Un’opera non dovrebbe mai essere comparata ad un’altra, in quanto ognuna ha in sé un carattere specifico e speciale. Esistono però delle “affinità elettive” che ci invitano a verificare non l’equivalenza (perché, come raccomandava Goethe, «se si segue troppo l’analogia tutto coincide e s’identifica») bensì le propaggini tra opera e opera, così come tra artista e artista.
In modo simile ma nient’affatto identico, Karin Radoy e Klaus Staudt dimostrano come sia possibile esprimere la complessità dei minimi termini. Il loro è un operare che concilia il “meno possibile” con “qualcosa”. Le pratiche (ovverosia le problematiche) del fare e del pensare in termini di pittura finiscono per questionare sul purismo e sull’aspetto proteiforme dell’arte. Radoy e Staudt intrattengono con il mondo delle idee un rapporto basato su forme e volumi primari che si animano di tensioni e suggestioni interne. Perdura nell’estetica dei due artisti un rigore minimalista e un maniacale perfezionismo che finisce per assecondare un personalissimo esprit de géométrie. Combinazioni e variazioni sono solo alcuni dei fattori che concorrono alla definizione di queste loro pitto-strutture che indagano il rapporto tra le superfici, le forme e i colori, alla continua ricerca di una definizione spaziale.

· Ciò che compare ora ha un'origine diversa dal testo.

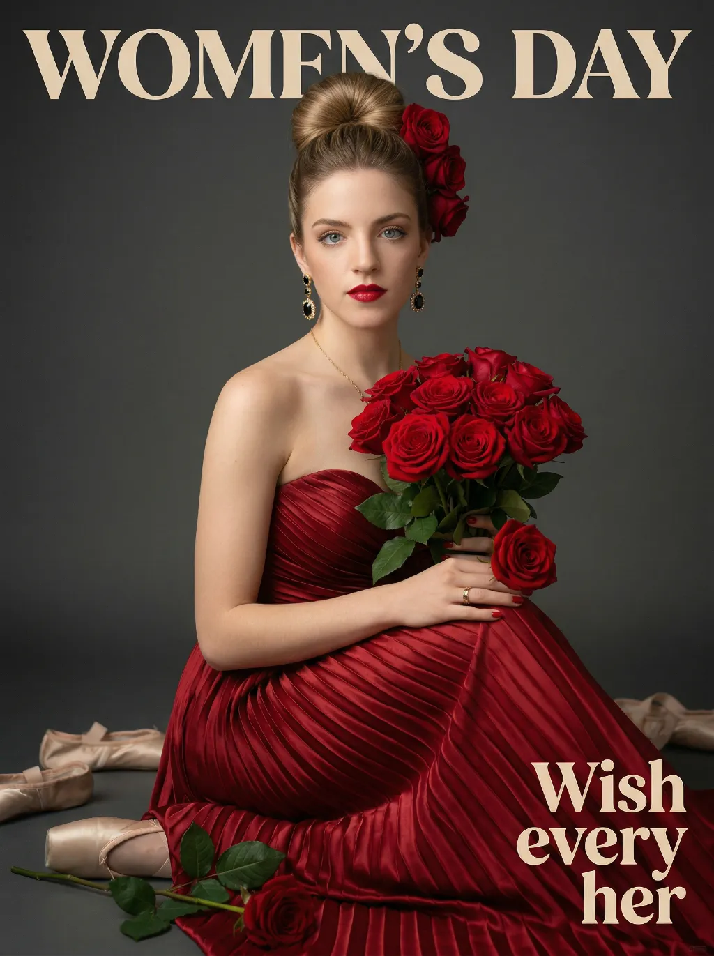 Use the exact same facial features, gender, and age as the uploaded image.Hyper-realistic half-body portrait photography, cinematic lighting, 8K resolution, shallow depth of field, rich and warm color palette. her hair styled in an elegant high bun with a few red roses tucked into the side of her hair. She wears dangling gold earrings with black gemstones, a thin gold necklace, and a gold ring on her right hand. Her makeup is sophisticated, featuring bold red lipstick and defined eyes. She is dressed in a strapless, floor-length gown made of deep red pleated satin fabric, the texture of the folds is extremely detailed. She holds a lush bouquet of fully bloomed red roses with green leaves in her arms, one rose resting gently on her right hand. She sits gracefully, looking directly at the camera with a calm and alluring expression. The background is a smooth, matte dark gray studio backdrop. On the dark floor around her, there are scattered ballet pointe shoes and a single fallen rose with green leaves. The overall style is vintage and luxurious, with soft directional lighting highlighting the sheen of the satin and the velvety texture of the rose petals, creating a strong sense of drama and elegance..The text "WOMEN'S DAY" is displayed at the top in large, bold, stylized artistic font.The text "Wish every her" is positioned in the lower right corner in a complementary artistic font.

Nonostante Staudt abbia spinto i valori percettivi al limite dell’azzeramento (senza necessariamente votarsi alla negazione) tale processo-eccesso di esacerbazione rifiuta la contemplazione statica e passiva, esige viceversa una visione dinamica da parte del fruitore, il quale “interpreta” il movimento indotto dai prismi e dai poliedri; cadenzati in modo regolare, i rilievi incolori generano delle concatenazioni-costellazioni che fluttuano sulle lastre di plexiglas. L’opalina trasparenza del supporto permette di creare profondità diverse, ma soprattutto consente uno scambio da un piano fisico a un piano immateriale. Da quando ha deciso di neutralizzare il colore, Staudt ricorre ai notori del bianco per scandire l’ordine/ritmo e la misura/partitura delle proprie opere. Com’è ovvio, si tratta di un bianco assoluto, dominante, che racchiude in sé l’idea trinitaria di luce-spazio-mistero.
Alle deduzioni ottiche di Staudt fanno eco le sensibilità cromatiche di Karin Radoy. Assecondando un processo di mitosi, l’artista realizza dei dittici di grande finezza e leggerezza; i volumi – minimi eppur evidenti – modulano il colore, che sembra “emanare” dalle stesse strutture anziché essere dipinto sulla loro superficie. Con essenziali ma efficaci scarti cromatici, l’artista ridefinisce l’epidermide della pittura, che pur perdendo aderenza con la realtà si rafforza sul versante della percezione e delle suggestioni. La pratica pulsionale e desiderante è il movente di tutta la ricerca di Radoy: la sua alta intensità e densità cromatica si riconduce a una pratica elementare, in cui il murmure della pittura inclina a un’esperienza che pretende d’essere sia piana che spaziale.
Poiché da una stessa causa possono derivare due o più effetti, le opere di Karin Radoy e Klaus Staudt si incontrano in un point de résistance che sancisce un rapporto di reciprocità e allo stesso tempo di antitesi, all’ex-primere di Radoy corrisponde infatti l’im-primere di Staudt: più “sentita” la prima, più “pensato” il secondo. Visive come pure intensive, le opere dei due artisti rifiutano l’ornamento per sondare gli aspetti tecnico-analitici della pittura. Metodo e coerenza denotano gli aspetti salienti della loro estetica, tesa a sfidare la grammatica di base dell’arte che è anzitutto, e soprattutto, ispirazione, ma anche incanto.